## ----include = FALSE----------------------------------------------------------
knitr::opts_chunk$set(
  collapse = TRUE,
  comment = "#>"
)

ggplot2::theme_set(
  ggplot2::theme_minimal()
)

library(mspms)
library(dplyr)

## ----eval = FALSE-------------------------------------------------------------
# mspms::generate_report(
#   prepared_data = mspms::peaks_prepared_data,
#   outdir = "../Desktop/mspms_report"
# )

## -----------------------------------------------------------------------------
colData <- readr::read_csv(system.file("extdata/colData.csv",
  package = "mspms"
))

head(colData)

## -----------------------------------------------------------------------------

library(dplyr)
library(mspms)

# File path of peaks lfq file
lfq_filepath <- system.file("extdata/peaks_protein-peptides-lfq.csv",
  package = "mspms"
)

colData_filepath <- system.file("extdata/colData.csv", package = "mspms")

# Prepare the data
peaks_prepared_data <- mspms::prepare_peaks(lfq_filepath,
  colData_filepath,
  quality_threshold = 0.3,
  n_residues = 4
)

peaks_prepared_data


## -----------------------------------------------------------------------------
combined_peptide_filepath <- system.file("extdata/fragpipe_combined_peptide.tsv",
  package = "mspms"
)

colData_filepath <- system.file("extdata/colData.csv", package = "mspms")


fragpipe_prepared_data <- prepare_fragpipe(
  combined_peptide_filepath,
  colData_filepath
)

fragpipe_prepared_data

## -----------------------------------------------------------------------------
peptide_groups_filepath <- system.file(
  "extdata/proteome_discoverer_PeptideGroups.txt",
  package = "mspms"
)

colData_filepath <- system.file("extdata/proteome_discover_colData.csv",
  package = "mspms"
)

prepared_pd_data <- prepare_pd(peptide_groups_filepath, colData_filepath)

prepared_pd_data

## -----------------------------------------------------------------------------
set.seed(2)
processed_qf <- process_qf(peaks_prepared_data)
processed_qf

## -----------------------------------------------------------------------------
limma_stats <- mspms::limma_stats(processed_qf = processed_qf)

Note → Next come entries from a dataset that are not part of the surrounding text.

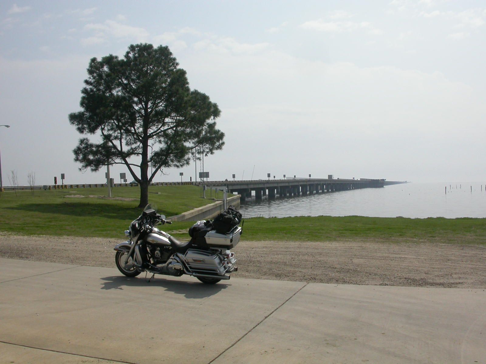Am nächsten Tag war der Mississippi mein ständiger Begleiter. Beim Harley Händler in Baton Rouge fand ich die in Daytona gesehene 100th Anniversary Lederjacke in mener Grösse. Eine ca. 40 Kilometer lange Brücke, die den Lake Pontchartrain überquert, führte mich bei beginnendem Regen nach New Orleans. Meine E-Glide benötigte schon wieder einen Service und so brachte ich sie zum lokalen Händler.
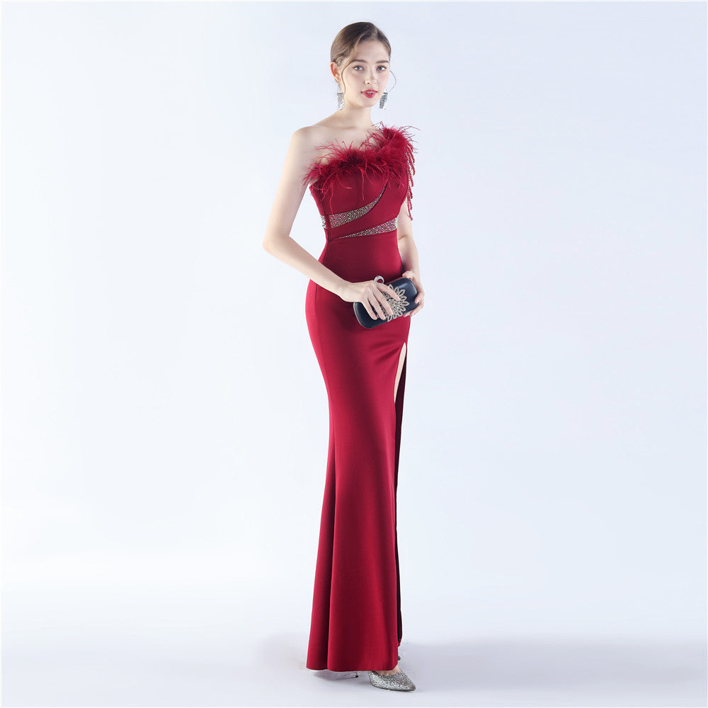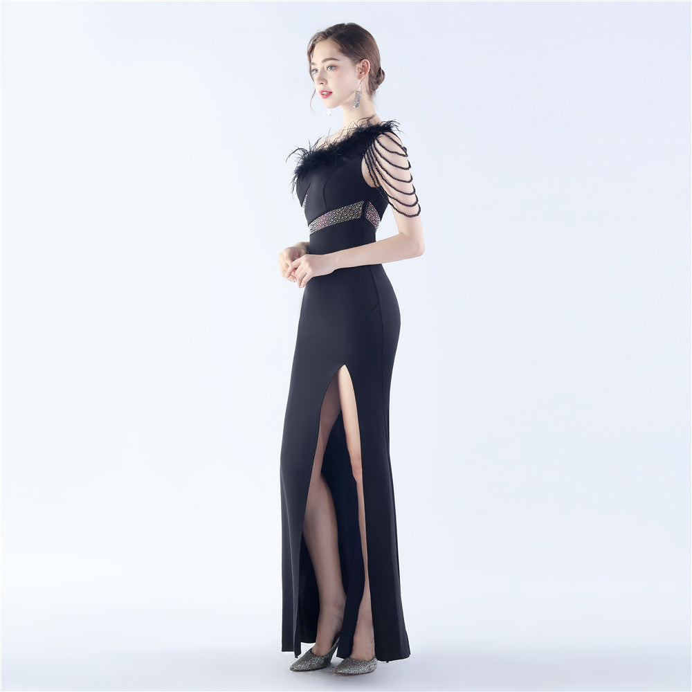 Hot drilling process + beadwork process + ostrich feather attachment, with chest pads.
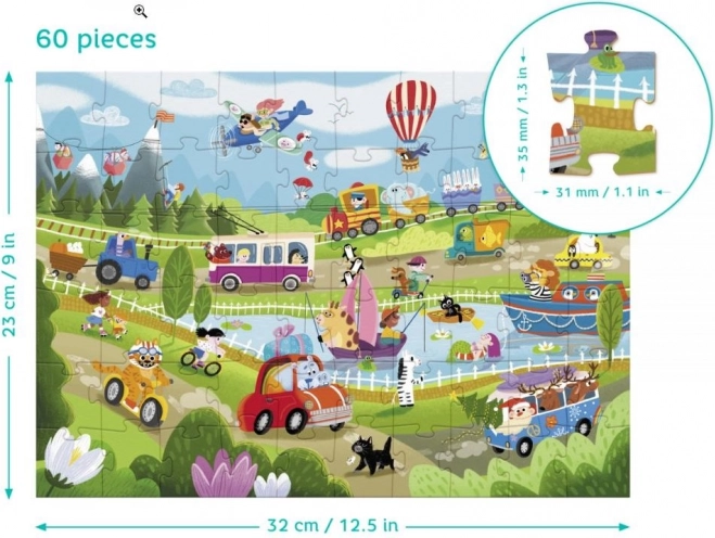 Otkrijte svijet seoskog prometa s dječjom slagalicom DODO, koja razvija strpljenje, logiku i finu motoriku. Ilustrirana scena prepuna detalja zabavit će djecu i potaknuti ih na ponovno slaganje.
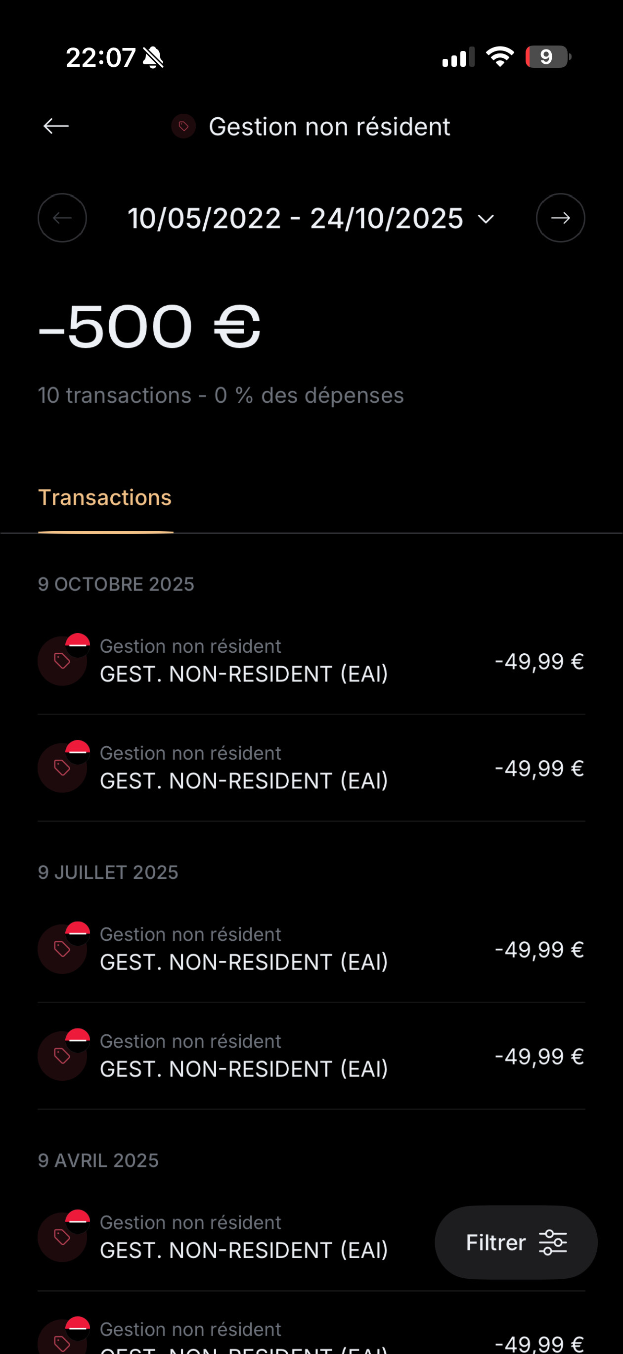 La sous catégorie gestion non resident indique 0 alors que lorsque l’on clique dessus elle est de 500 euros. Ci-dessous les screenshots
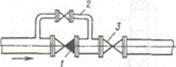 Малюнок 1 - Схема пристрою обвідної лінії до зворотного клапана: 1 - зворотний клапан; 2 - обвідна лінія із засувкою; 3 - засувка на напірній лінії насоса
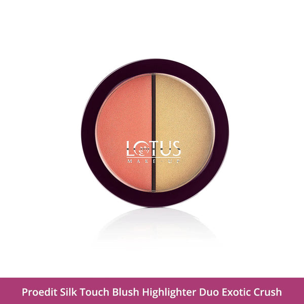 लोटस मेक-अप प्रोएडिट सिल्क टच ब्लश हाइलाइटर डुओ माइक्रो फाइन पिगमेंट के साथ आपको लंबे समय तक चलने वाला गहरा रंग प्रदान करेगा। सुपर-फाइन पाउडर आपकी त्वचा पर आसानी से पिघल जाता है और आपके गालों पर रंग का एक बेहतरीन फ्लश देता है। ये आपके चेहरे पर एक बेहतरीन फ्रेश लुक और फील देने के लिए ज़रूरी चीज़ें हैं।
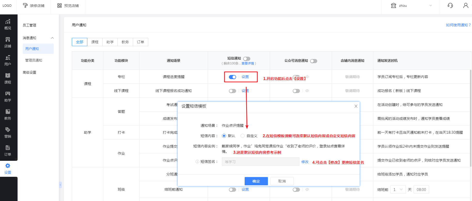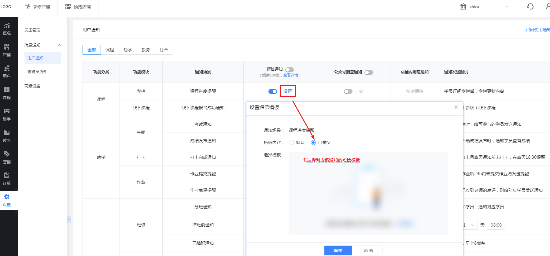 申请完成后回到教育管理后台【设置-消息通知-用户通知】,在需要短信通知的推送标题后点击【设置】,短信内容点击【自定义】后选择对应的通知短信模板。如下图:
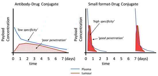 Schematic illustration of the potential mechanistic and pharmacokinetic differences between an ADC (e.g., from [110] and small format-drug conjugate. Many reports have demonstrated the uptake and clearance properties of large and small targeting agents. This figure proposes how smaller formats my bring certain advantages such as faster plasma clearance and improved penetration. Smaller formats may require more frequent doses as shown here.
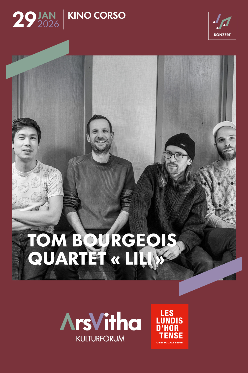 KonzertTom Bourgeois Quartet «Lili »Do 29.01. 20:00 UhrTarife (VVK): 6/12€JazzTickets: [email protected]Mit „Lili“ widmet der französisch-belgische Saxophonist und Komponist Tom Bourgeois sein neues Quartettprojekt der außergewöhnlichen Komponistin Lili Boulanger (1893–1918). Gemeinsam mit seinem Quartett erschafft Bourgeois eine Klangwelt, in der Jazz, impressionistische Einflüsse und zeitgenössische Musik mühelos ineinandergreifen. -
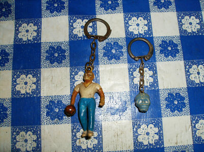 Title (ebay affiliate link): 2 VINTAGE KEYCHAINS BOWLER W/BOWLING BALL & SKULL
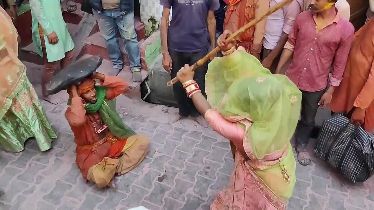 در بخشی از جشنواره "رنگ" هند، زنان مردان را با چوب میزنند.
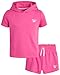 HIGH QUALITY OUTFIT: This 2-piece active shorts set for girls includes a performance French Terry Pullover Sweatshirt and a pair of matching shorts; Skin-friendly, high-quality smooth fabric breathes well to keep your active girl comfortable and cool on a hot day; This girls' summer outfit for outdoor sports and activities is also perfect as everyday loungewear
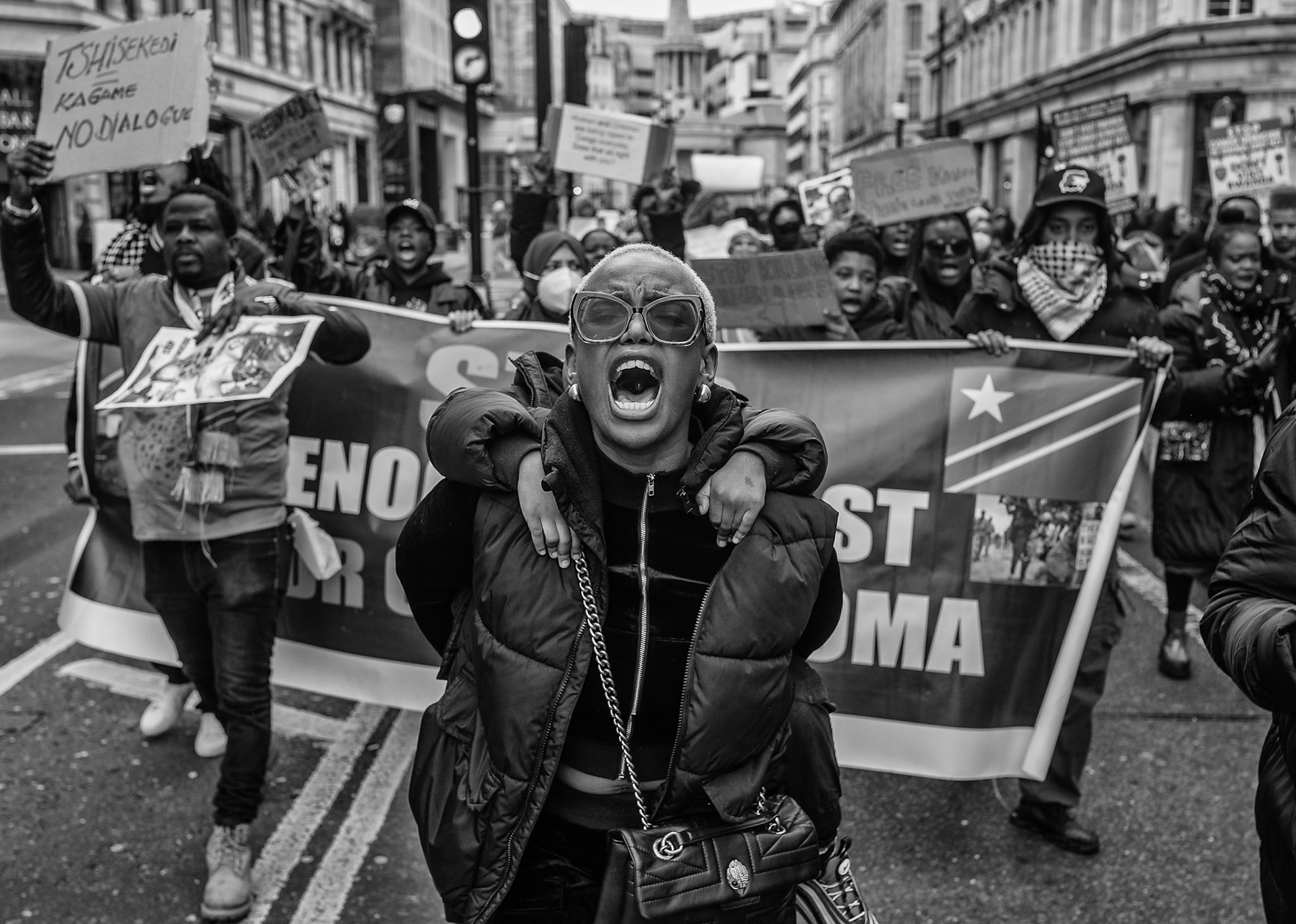 08 FEB 2025 London / UK. Congolese protesters marched through central London to highlight the deteriorating situation in Goma, Democratic Republic of Congo (DRC), which has reached a critical level due to escalating violence. Reports indicate that Rwanda-backed M23 rebels have seized control of Goma and are advancing toward key towns, including Nyabibwe, a critical mining area between Goma and Bukavu.The conflict has triggered a severe humanitarian crisis. Hospitals in Goma are overwhelmed, struggling to manage the influx of casualties. Since the assault began on January 26, 2025, over 2,900 people have died, and around 700,000 have been displaced.Alamy Live News / Aubrey Fagon
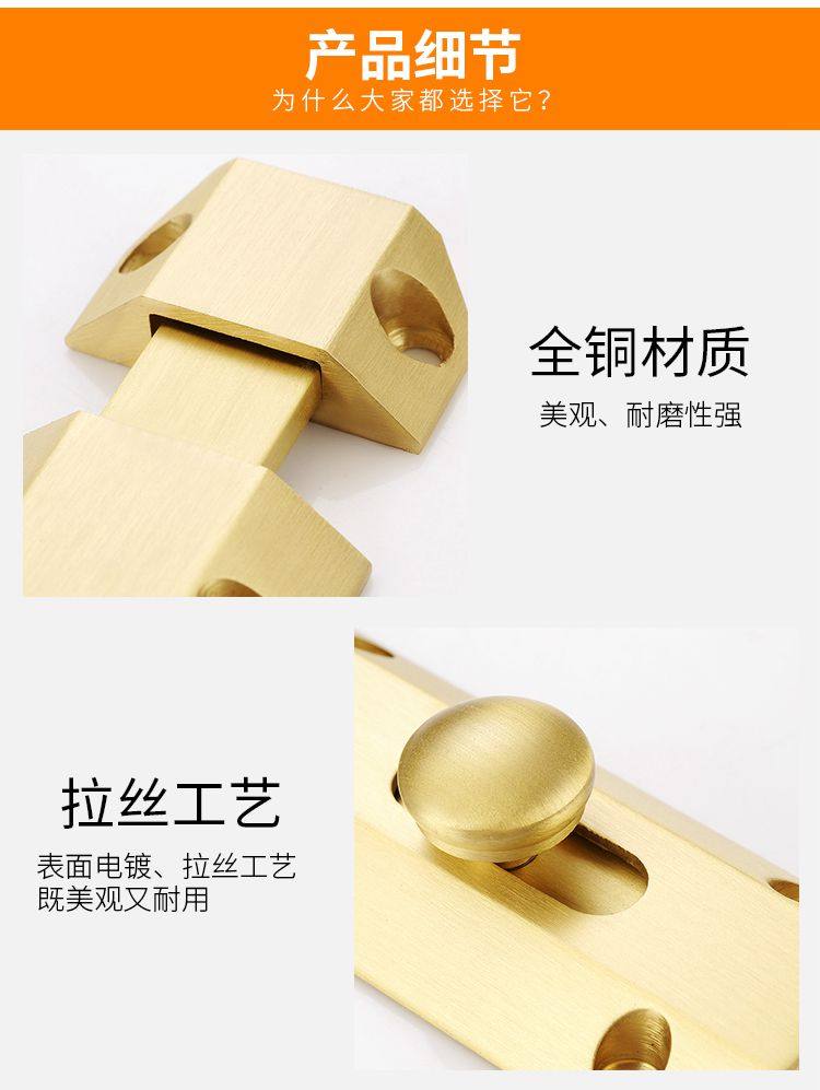 Pure Copper Solid Bolt Indoor Door Buttoned Door Bolt Bathroom Door Lock Snap Door Old-style Menswear Door Latch Bolt Bolt

## -----------------------------------------------------------------------------
log2fc_t_test_data <- mspms::log2fc_t_test(processed_qf = processed_qf)

## -----------------------------------------------------------------------------
plot_qc_check(processed_qf,
  full_length_threshold = 10,
  cleavage_product_threshold = 5
)

## -----------------------------------------------------------------------------
plot_nd_peptides(processed_qf)

## -----------------------------------------------------------------------------
mspms_tidy_data <- mspms_tidy(processed_qf)

## ----eval = FALSE-------------------------------------------------------------
# plot_heatmap(mspms_tidy_data)

## -----------------------------------------------------------------------------
plot_pca(mspms_tidy_data, value_colname = "peptides_norm")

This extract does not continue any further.